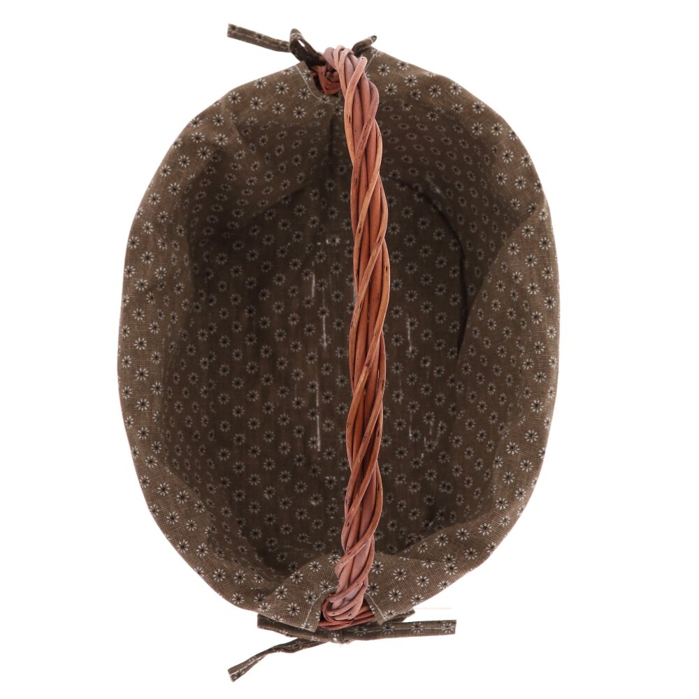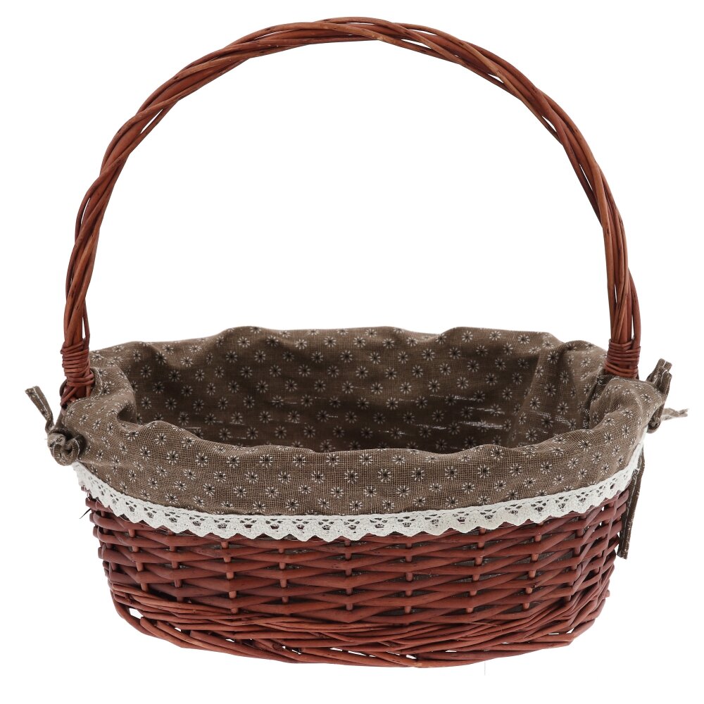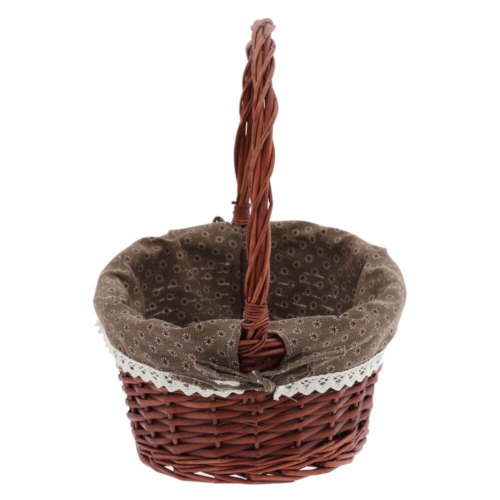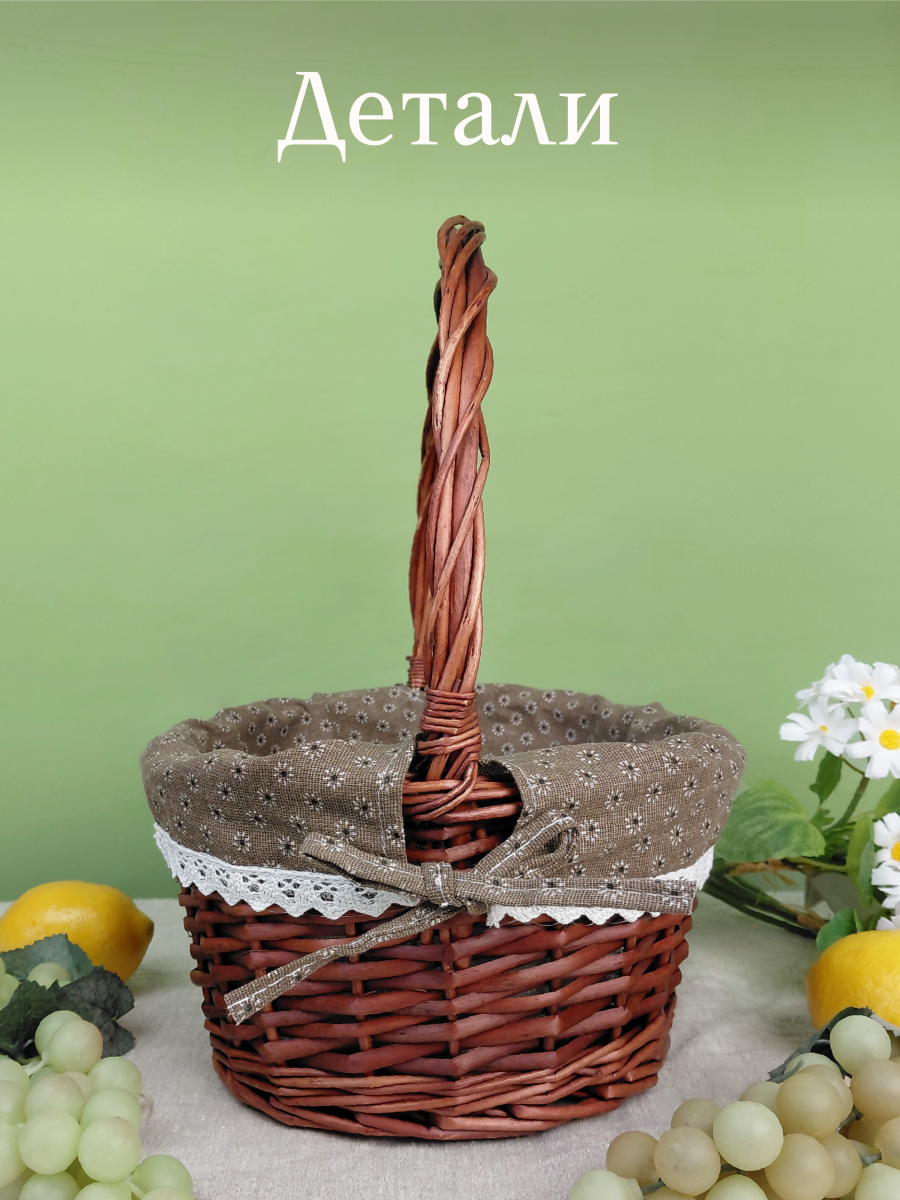 Элегантная плетёная корзина в винтажном стиле – практичный и декоративный аксессуар для вашего дома и отдыха. Корзина выполнена из натуральной лозы тёплого коричневого оттенка, что придаёт ей уютный, «деревенский» шарм. Внутри она полностью облицована мягкой тканевой вставкой коричневого цвета с мелким цветочным принтом, защищающей продукты и мелкие предметы от повреждений. Верхний край ткани украшен аккуратным кружевом, благодаря чему корзина выглядит особенно нарядно и подойдёт не только для похода за покупками, но и для сервировки стола, пикников, фотосессий, пасхальных и праздничных композиций. Прочная ручка удобно лежит в руке и выдерживает повседневные нагрузки. Пасхальные корзинки предназначены для хранения и переноски крашеных яиц, куличей, творожных пасок и других традиционных пасхальных угощений. Корзина для пасхи служит прекрасным элементом декора, украшая праздничный стол своим ярким и стильным внешним видом. В целом, корзинка для пасхального декора – это не только функциональный, но и красивый элемент праздничного декора, который добавит уюта и тепла в ваш дом на Пасху. Лёгкая, удобная и компактная, она гармонично впишется в любой интерьер. Оригинальный дизайн этой корзины не останется незамеченным, ведь плетеная пасхальная корзинка для яиц и куличей – неотъемлемые атрибуты пасхального праздника.
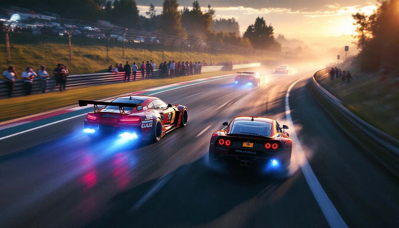 The race track turns. The first 2 (two) cars with logos of different clubs on the sides are racing along the track, overtaking each other. Light smoke from under the wheels. ALL cars on the highway are turned in one direction. No more cars. Spectators stand outside the track fence. Cars are well illuminated by sunlight. The camera looks from the side and slightly from above and turns behind passing cars. Cyberpunk style.
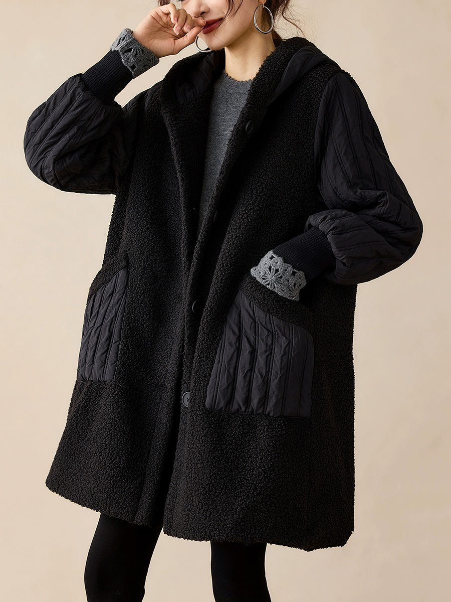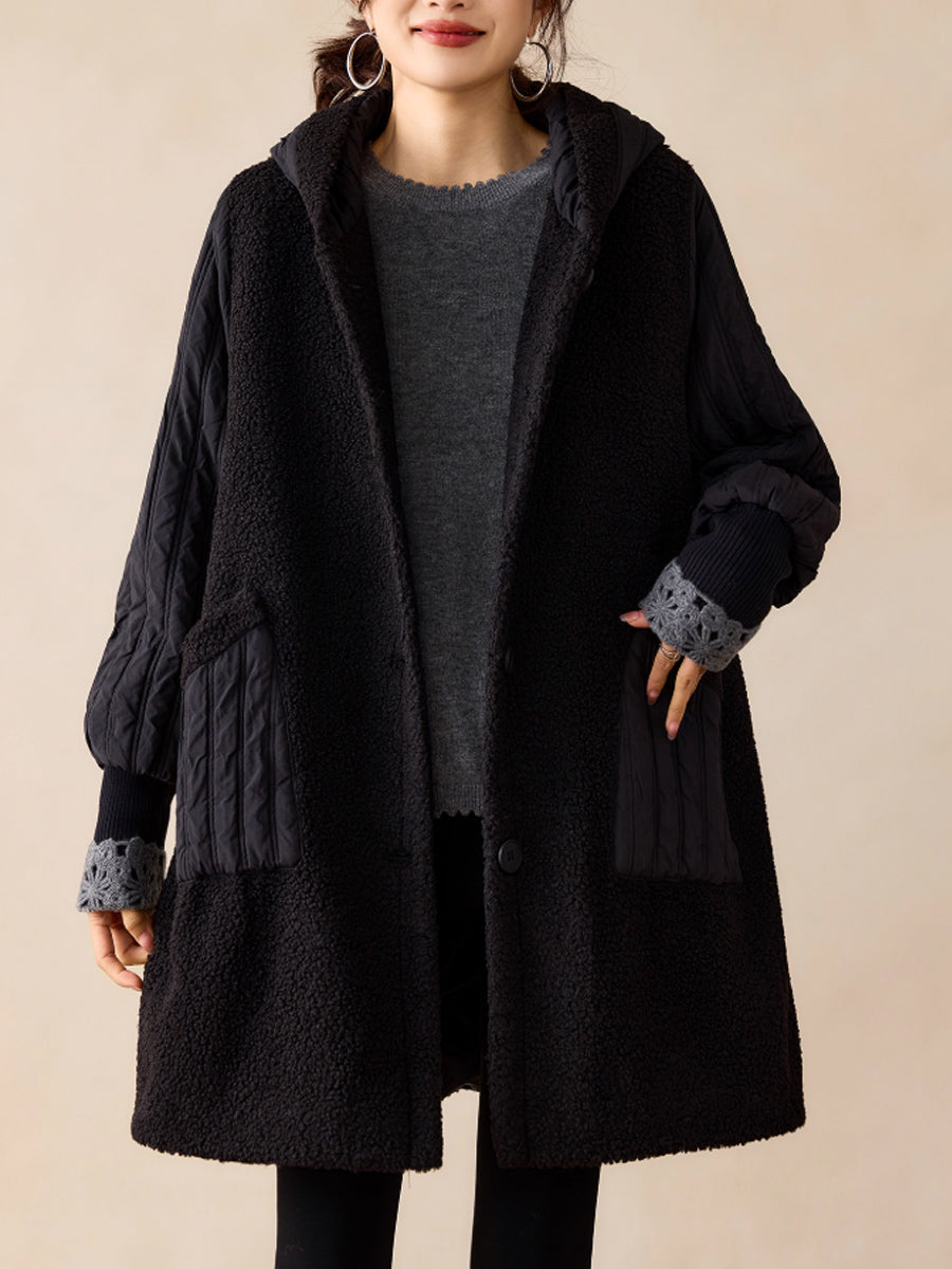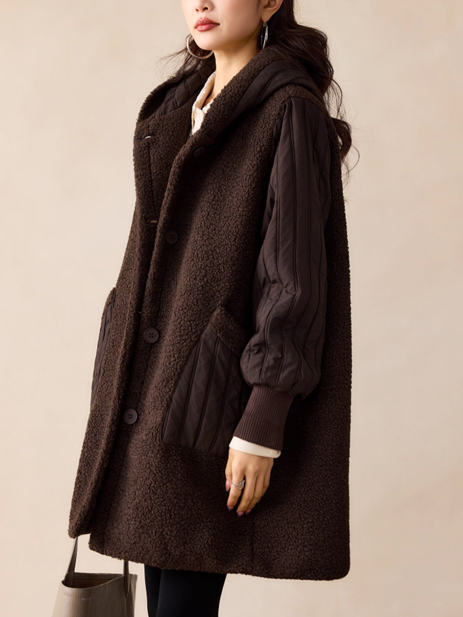 معطف نسائي شتوي كاجوال من الصوف بغطاء للرأس بلون نقي
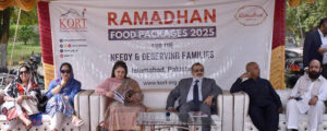 Managing Director Pakistan Bait-ul-Mal Senator Capt. Shaheen Khalid Butt and Chairperson Benazir Income Support Programme, Senator Rubina Khalid in a Ramadan Packages Distribution Ceremony organized by Kashmir Orphan Relief Trust (KORT)
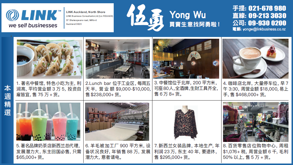 讲到生意买卖,奥克兰的华人朋友许多都知道“伍勇”, 20多年从事生意买卖行业的经验,秉着“专业,诚信,负责”的态度,不单是从业最久的,也是最为大家认可的生意买卖华人经纪人,“买卖生意找阿勇”早已经成为众多买家卖家的方向。各大中文报纸的“伍勇讲生意”专栏是许多华人朋友了解,经营生意的的平台。在过去服务的公司里,获得六年销售冠军,并且当选为2011年新西兰华人经济人物。LINK North Shore 是LINK旗下的独立加盟商,获得2017年新西兰房地产协会小型生意买卖公司的第一名,伍勇先生也以LINK全国2017年销售第一名的成绩获得新西兰房地产协会生意销售2017年前三强。LINK North Shore是以伍勇为主导的第一家华人生意买卖专业公司,我们将以更加专业,诚信,负责的团队来为广大华人朋友服务,无论你人在新西兰还是在新西兰外的国家,我们都会为你提供丰富的资讯,真诚的服务,专业的指导,让你在这美丽的国土上安居乐业!
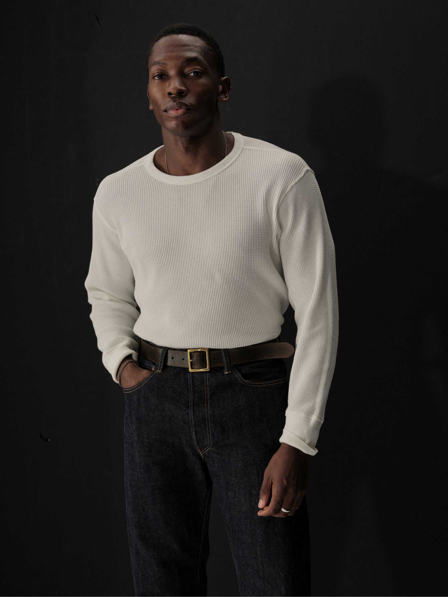 Knit at our Mohnton, Pennsylvania mill from American ring-spun cotton, our medium weight Toughknit fabric gives this tee a smooth drape, while rib-bound construction ensures a durable collar. Each piece is double-washed for a broken-in texture. Cut with a dialed-in Classic fit.
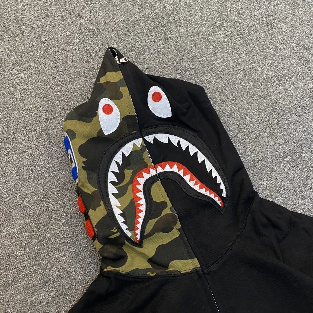BAPE XX097 Shark Camo Panel Hoodies with classic WGM logo.
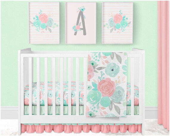 Floral Crib Bedding Cover Girls Nursery pink and mint crib bedding
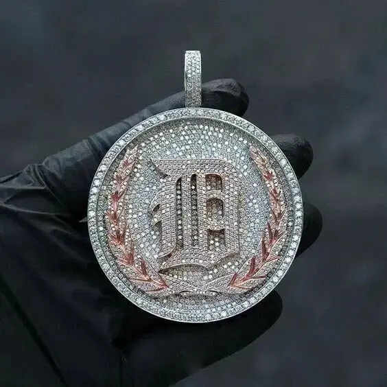 Colgante de disco redondo personalizado con letras, completamente cubierto de circonitas, colgante personalizado de plata de ley 925, estilo rapero, joyería personalizada para hombre
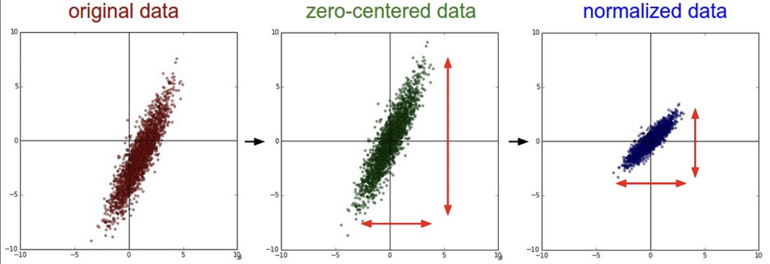 - 必要预处理:减去平均值, 0 中心化。可选:除以标准差,归一化到 [-1, 1]。归一化:希望该分布方差为 1,让每个数据除以标准差。
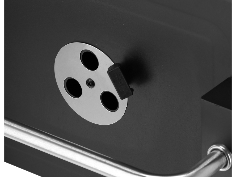System regulacji temperatury oparty na przesłonach wentylacyjnych, kominie oraz wbudowanym termometrze pozwala na precyzyjne sterowanie przepływem powietrza i utrzymanie optymalnej temperatury wewnątrz grilla.
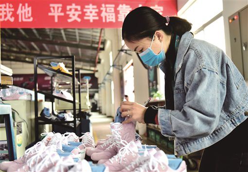 2月22日,蓝山县经济开发区永州湘威运动用品有限公司,员工在生产运动鞋。该公司自2月10日复工以来,坚持疫情防控和发展生产两手抓,每天生产运动鞋16000余双,产品出口韩国、墨西哥、意大利等国家。目前,该县57家规模以上企业已复工复产赶制订单,实现了防疫和生产两不误。杨雄春 摄
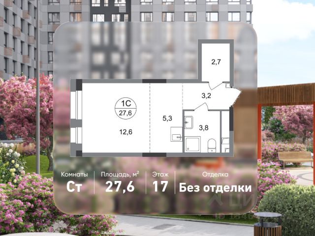 Продается квартира-студия в городе-парке "Переделкино Ближнее". Общая площадь квартиры - 26,5 кв. м, этаж 6 из 17. Срок сдачи - 3 квартал 2028 года. Тип дома - монолитный. ТОЛЬКО ДО 31 МАРТА выгодные условия на приобретение квартиры в ипотеку или рассрочку. Звоните - и мы подберем оптимальное предложение под ваш запрос! Корпус расположен в 13 фазе строительства и состоит из 6 секций с переменной этажностью 12-17 этажей. Около 13 фазы запланировано строительство многоуровневого паркинга на 300 м/мест. 13 фаза имеет уникальное расположение и находится непосредственно на берегу Федосьинского пруда, который является сердцем города-парка "Переделкино Ближнее". Город-парк "Переделкино Ближнее" расположен в 8 км от МКАД по Боровскому шоссе. ТРАНСПОРТНАЯ ДОСТУПНОСТЬ: - 15 минут пешком до станции МЦД-4 "Мичуринец" - 25 минут пешком до станции метро "Рассказовка" Солнцевской линии - 30 минут до центра Москвы - 2026 г. - открытие трассы Солнцево-Бутово-Варшавское шоссе РАЗВИТАЯ СОЦИАЛЬНАЯ ИНФРАСТРУКТУРА: - 7 детских садов, 3 школы - банки, продуктовые магазины, аптеки, фитнес центры, салоны красоты и пр БЛАГОУСТРОЙСТВО: - дворы без машин - игровые зоны и развивающие детские площадки - зоны для созерцательного и медитативного отдыха - зоны для занятий спортом ОСОБЕННОСТИ АРХИТЕКТУРЫ: - высокие потолки от 3,03 м - безбарьерные входные группы - колясочные в каждой входной группе - кладовые помещения расположены на -1 этаже каждой секции - в каждой секции 2 лифта: 1 пассажирский, 1 грузовой - на фасаде предусмотрены корзины для установки кондиционеров АВТОРСКИЙ ДИЗАЙН: Входные группы выполнены по авторскому дизайну, благодаря панорамному остеклению наполнены естественным светом. В каждой входной группе будет располагаться комфортабельная зона ожидания с возможностью зарядить электронные устройства, почтовые ящики, колясочная, акцентные пуфы и столик.
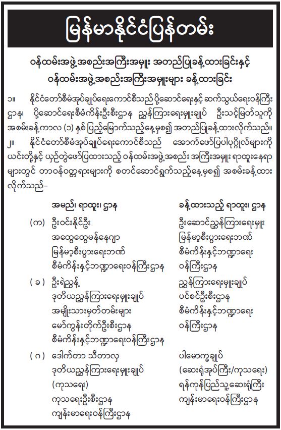 ဝန်ထမ်းအဖွဲ့အစည်းအကြီးအမှူး အတည်ပြုခန့်ထားခြင်းနှင့် ဝန်ထမ်းအဖွဲ့အစည်းအကြီးအမှူးများ ခန့်ထားခြင်း
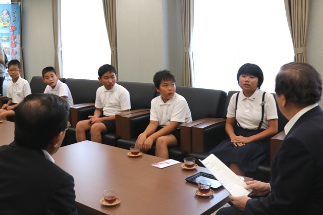 7月28日、豊浜小学校自転車クラブの児童(6年生)が白川市長を表敬訪問し、第51回交通安全子供自転車全国大会に出場することを報告しました。白川市長は「伝統を守り、11年連続29回目の出場を大変うれしく思います。全国大会でも、実力を十分に発揮して頑張ってください」と激励。子どもたちは「県大会での反省を生かして頑張りたい」「本番ではミスをしないようにして1位を目指したい」などと、大会に向けての決意を力強く述べました。練習は週6日、先輩たちも指導に来て応援してくれるそうです。多くの人の声援を受け、本番に臨みます。 (大会は8月3日、東京ビッグサイトで開催)

• [ACTION ITEM]:
In your copy, every entry above must match word for word, and no picture may appear.

• [ANSWER FOR THE TASK]:
 Элегантная плетёная корзина в винтажном стиле – практичный и декоративный аксессуар для вашего дома и отдыха. Корзина выполнена из натуральной лозы тёплого коричневого оттенка, что придаёт ей уютный, «деревенский» шарм. Внутри она полностью облицована мягкой тканевой вставкой коричневого цвета с мелким цветочным принтом, защищающей продукты и мелкие предметы от повреждений. Верхний край ткани украшен аккуратным кружевом, благодаря чему корзина выглядит особенно нарядно и подойдёт не только для похода за покупками, но и для сервировки стола, пикников, фотосессий, пасхальных и праздничных композиций. Прочная ручка удобно лежит в руке и выдерживает повседневные нагрузки. Пасхальные корзинки предназначены для хранения и переноски крашеных яиц, куличей, творожных пасок и других традиционных пасхальных угощений. Корзина для пасхи служит прекрасным элементом декора, украшая праздничный стол своим ярким и стильным внешним видом. В целом, корзинка для пасхального декора – это не только функциональный, но и красивый элемент праздничного декора, который добавит уюта и тепла в ваш дом на Пасху. Лёгкая, удобная и компактная, она гармонично впишется в любой интерьер. Оригинальный дизайн этой корзины не останется незамеченным, ведь плетеная пасхальная корзинка для яиц и куличей – неотъемлемые атрибуты пасхального праздника.
 The race track turns. The first 2 (two) cars with logos of different clubs on the sides are racing along the track, overtaking each other. Light smoke from under the wheels. ALL cars on the highway are turned in one direction. No more cars. Spectators stand outside the track fence. Cars are well illuminated by sunlight. The camera looks from the side and slightly from above and turns behind passing cars. Cyberpunk style.
 معطف نسائي شتوي كاجوال من الصوف بغطاء للرأس بلون نقي
 Managing Director Pakistan Bait-ul-Mal Senator Capt. Shaheen Khalid Butt and Chairperson Benazir Income Support Programme, Senator Rubina Khalid in a Ramadan Packages Distribution Ceremony organized by Kashmir Orphan Relief Trust (KORT)
 讲到生意买卖,奥克兰的华人朋友许多都知道“伍勇”, 20多年从事生意买卖行业的经验,秉着“专业,诚信,负责”的态度,不单是从业最久的,也是最为大家认可的生意买卖华人经纪人,“买卖生意找阿勇”早已经成为众多买家卖家的方向。各大中文报纸的“伍勇讲生意”专栏是许多华人朋友了解,经营生意的的平台。在过去服务的公司里,获得六年销售冠军,并且当选为2011年新西兰华人经济人物。LINK North Shore 是LINK旗下的独立加盟商,获得2017年新西兰房地产协会小型生意买卖公司的第一名,伍勇先生也以LINK全国2017年销售第一名的成绩获得新西兰房地产协会生意销售2017年前三强。LINK North Shore是以伍勇为主导的第一家华人生意买卖专业公司,我们将以更加专业,诚信,负责的团队来为广大华人朋友服务,无论你人在新西兰还是在新西兰外的国家,我们都会为你提供丰富的资讯,真诚的服务,专业的指导,让你在这美丽的国土上安居乐业!
 Knit at our Mohnton, Pennsylvania mill from American ring-spun cotton, our medium weight Toughknit fabric gives this tee a smooth drape, while rib-bound construction ensures a durable collar. Each piece is double-washed for a broken-in texture. Cut with a dialed-in Classic fit.
BAPE XX097 Shark Camo Panel Hoodies with classic WGM logo.
 Floral Crib Bedding Cover Girls Nursery pink and mint crib bedding
 Colgante de disco redondo personalizado con letras, completamente cubierto de circonitas, colgante personalizado de plata de ley 925, estilo rapero, joyería personalizada para hombre
 - 必要预处理:减去平均值, 0 中心化。可选:除以标准差,归一化到 [-1, 1]。归一化:希望该分布方差为 1,让每个数据除以标准差。
System regulacji temperatury oparty na przesłonach wentylacyjnych, kominie oraz wbudowanym termometrze pozwala na precyzyjne sterowanie przepływem powietrza i utrzymanie optymalnej temperatury wewnątrz grilla.
 2月22日,蓝山县经济开发区永州湘威运动用品有限公司,员工在生产运动鞋。该公司自2月10日复工以来,坚持疫情防控和发展生产两手抓,每天生产运动鞋16000余双,产品出口韩国、墨西哥、意大利等国家。目前,该县57家规模以上企业已复工复产赶制订单,实现了防疫和生产两不误。杨雄春 摄
 Продается квартира-студия в городе-парке "Переделкино Ближнее". Общая площадь квартиры - 26,5 кв. м, этаж 6 из 17. Срок сдачи - 3 квартал 2028 года. Тип дома - монолитный. ТОЛЬКО ДО 31 МАРТА выгодные условия на приобретение квартиры в ипотеку или рассрочку. Звоните - и мы подберем оптимальное предложение под ваш запрос! Корпус расположен в 13 фазе строительства и состоит из 6 секций с переменной этажностью 12-17 этажей. Около 13 фазы запланировано строительство многоуровневого паркинга на 300 м/мест. 13 фаза имеет уникальное расположение и находится непосредственно на берегу Федосьинского пруда, который является сердцем города-парка "Переделкино Ближнее". Город-парк "Переделкино Ближнее" расположен в 8 км от МКАД по Боровскому шоссе. ТРАНСПОРТНАЯ ДОСТУПНОСТЬ: - 15 минут пешком до станции МЦД-4 "Мичуринец" - 25 минут пешком до станции метро "Рассказовка" Солнцевской линии - 30 минут до центра Москвы - 2026 г. - открытие трассы Солнцево-Бутово-Варшавское шоссе РАЗВИТАЯ СОЦИАЛЬНАЯ ИНФРАСТРУКТУРА: - 7 детских садов, 3 школы - банки, продуктовые магазины, аптеки, фитнес центры, салоны красоты и пр БЛАГОУСТРОЙСТВО: - дворы без машин - игровые зоны и развивающие детские площадки - зоны для созерцательного и медитативного отдыха - зоны для занятий спортом ОСОБЕННОСТИ АРХИТЕКТУРЫ: - высокие потолки от 3,03 м - безбарьерные входные группы - колясочные в каждой входной группе - кладовые помещения расположены на -1 этаже каждой секции - в каждой секции 2 лифта: 1 пассажирский, 1 грузовой - на фасаде предусмотрены корзины для установки кондиционеров АВТОРСКИЙ ДИЗАЙН: Входные группы выполнены по авторскому дизайну, благодаря панорамному остеклению наполнены естественным светом. В каждой входной группе будет располагаться комфортабельная зона ожидания с возможностью зарядить электронные устройства, почтовые ящики, колясочная, акцентные пуфы и столик.
 ဝန်ထမ်းအဖွဲ့အစည်းအကြီးအမှူး အတည်ပြုခန့်ထားခြင်းနှင့် ဝန်ထမ်းအဖွဲ့အစည်းအကြီးအမှူးများ ခန့်ထားခြင်း
 7月28日、豊浜小学校自転車クラブの児童(6年生)が白川市長を表敬訪問し、第51回交通安全子供自転車全国大会に出場することを報告しました。白川市長は「伝統を守り、11年連続29回目の出場を大変うれしく思います。全国大会でも、実力を十分に発揮して頑張ってください」と激励。子どもたちは「県大会での反省を生かして頑張りたい」「本番ではミスをしないようにして1位を目指したい」などと、大会に向けての決意を力強く述べました。練習は週6日、先輩たちも指導に来て応援してくれるそうです。多くの人の声援を受け、本番に臨みます。 (大会は8月3日、東京ビッグサイトで開催)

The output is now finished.